_WORK ORDER_
When you copy from the entries that follow, take only the lines from the one with "薄手で軽やかなコンチェロナイ" down to the one with "Chanel Новые пляжные", keeping both ends and dropping every picture.

_EXCERPTED DATA_
·····

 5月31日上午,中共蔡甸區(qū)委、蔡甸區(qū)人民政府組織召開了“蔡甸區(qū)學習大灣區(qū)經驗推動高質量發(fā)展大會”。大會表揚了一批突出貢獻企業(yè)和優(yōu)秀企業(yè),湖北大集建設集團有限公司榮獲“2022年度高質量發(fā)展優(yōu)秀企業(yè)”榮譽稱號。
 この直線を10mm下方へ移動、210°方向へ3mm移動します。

·····

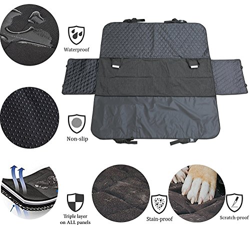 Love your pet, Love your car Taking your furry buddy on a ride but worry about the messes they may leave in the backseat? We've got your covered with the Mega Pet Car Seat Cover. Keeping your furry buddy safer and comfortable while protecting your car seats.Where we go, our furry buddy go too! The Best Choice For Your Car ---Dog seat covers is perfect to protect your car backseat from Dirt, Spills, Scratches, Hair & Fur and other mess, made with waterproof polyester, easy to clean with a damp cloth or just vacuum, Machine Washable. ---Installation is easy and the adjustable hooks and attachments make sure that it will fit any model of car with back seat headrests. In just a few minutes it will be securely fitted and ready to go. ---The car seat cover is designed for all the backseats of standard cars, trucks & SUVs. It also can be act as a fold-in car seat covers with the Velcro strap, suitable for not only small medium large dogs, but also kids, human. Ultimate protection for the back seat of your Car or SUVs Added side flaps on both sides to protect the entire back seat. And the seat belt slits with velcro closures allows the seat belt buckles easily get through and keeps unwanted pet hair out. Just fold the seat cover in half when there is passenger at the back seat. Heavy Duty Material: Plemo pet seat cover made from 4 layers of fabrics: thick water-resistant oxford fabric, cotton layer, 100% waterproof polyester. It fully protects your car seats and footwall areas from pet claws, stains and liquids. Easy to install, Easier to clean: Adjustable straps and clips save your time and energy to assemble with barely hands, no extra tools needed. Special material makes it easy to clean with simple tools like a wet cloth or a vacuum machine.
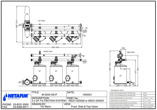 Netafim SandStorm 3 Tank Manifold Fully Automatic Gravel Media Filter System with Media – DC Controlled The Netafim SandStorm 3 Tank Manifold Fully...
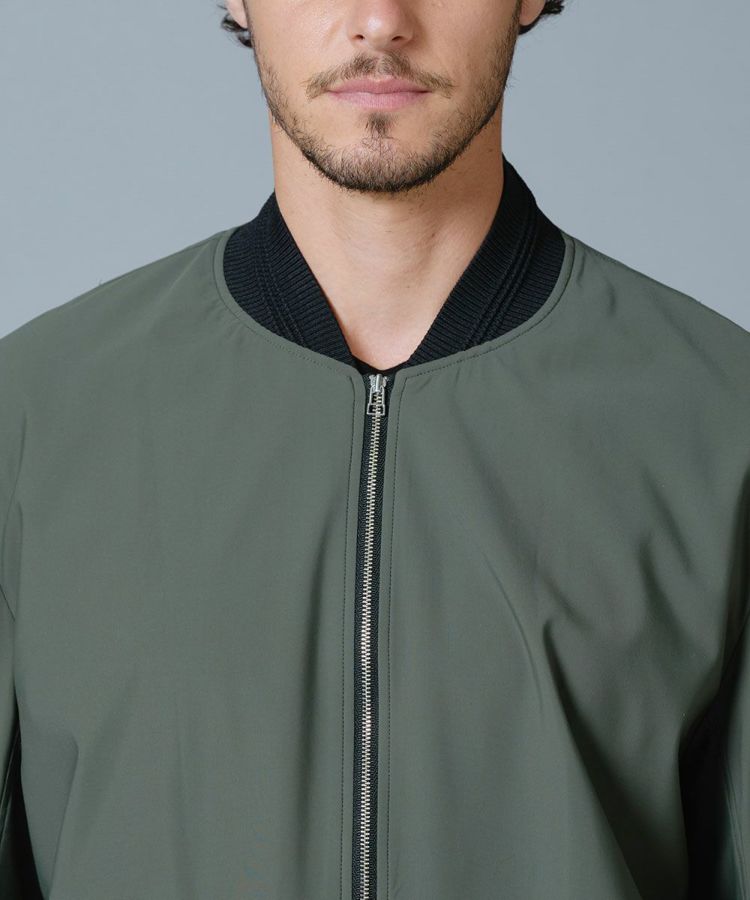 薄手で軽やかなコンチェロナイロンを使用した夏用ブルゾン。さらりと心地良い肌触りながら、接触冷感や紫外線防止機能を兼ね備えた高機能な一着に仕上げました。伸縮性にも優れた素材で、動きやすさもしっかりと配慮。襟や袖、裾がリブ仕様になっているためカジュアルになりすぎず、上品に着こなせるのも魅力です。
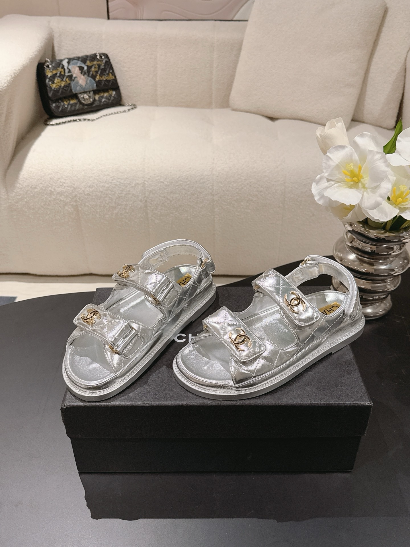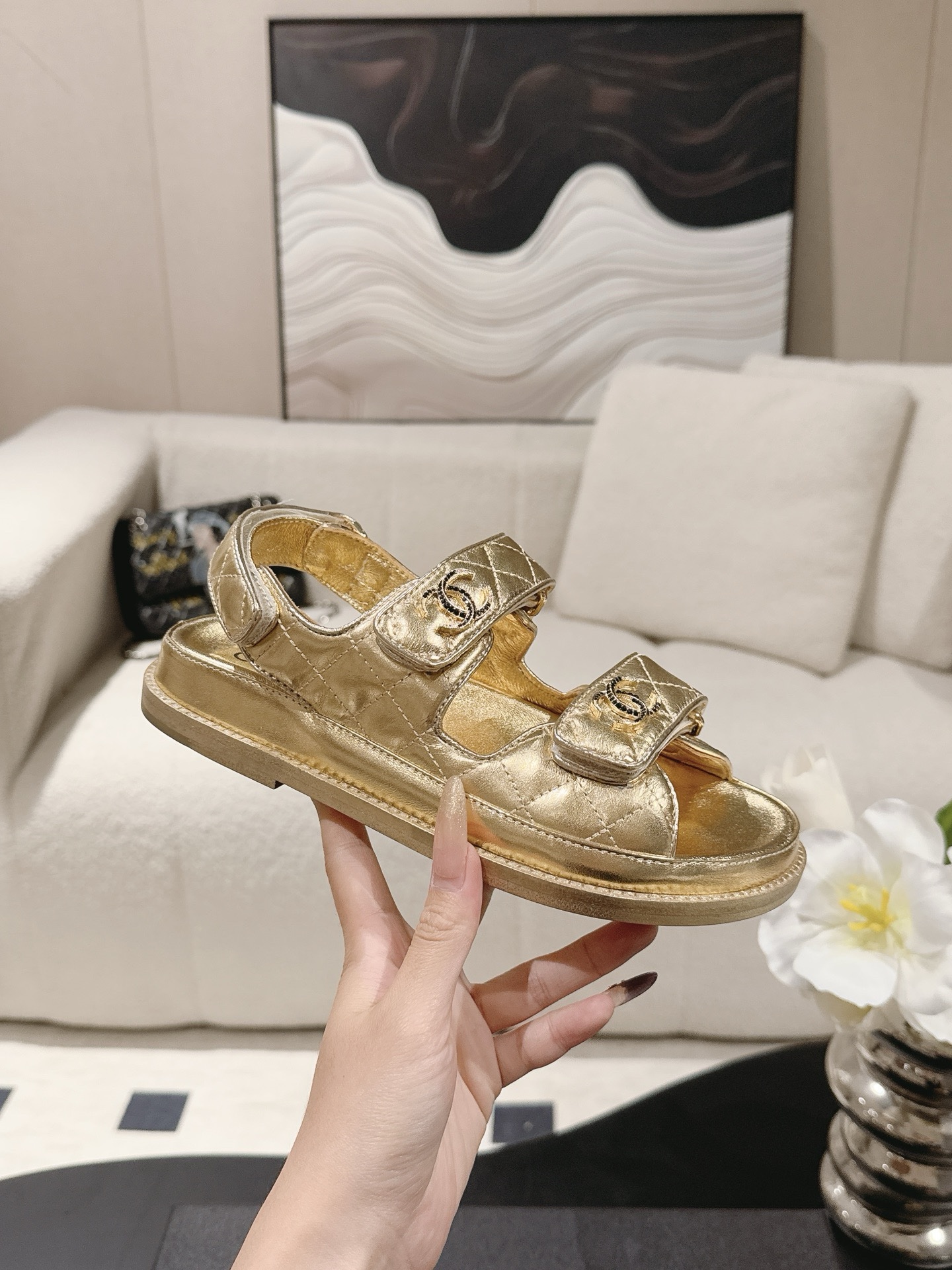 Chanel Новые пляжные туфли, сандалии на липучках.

·····

_REPLY TO THE TASK_
 薄手で軽やかなコンチェロナイロンを使用した夏用ブルゾン。さらりと心地良い肌触りながら、接触冷感や紫外線防止機能を兼ね備えた高機能な一着に仕上げました。伸縮性にも優れた素材で、動きやすさもしっかりと配慮。襟や袖、裾がリブ仕様になっているためカジュアルになりすぎず、上品に着こなせるのも魅力です。
 Chanel Новые пляжные туфли, сандалии на липучках.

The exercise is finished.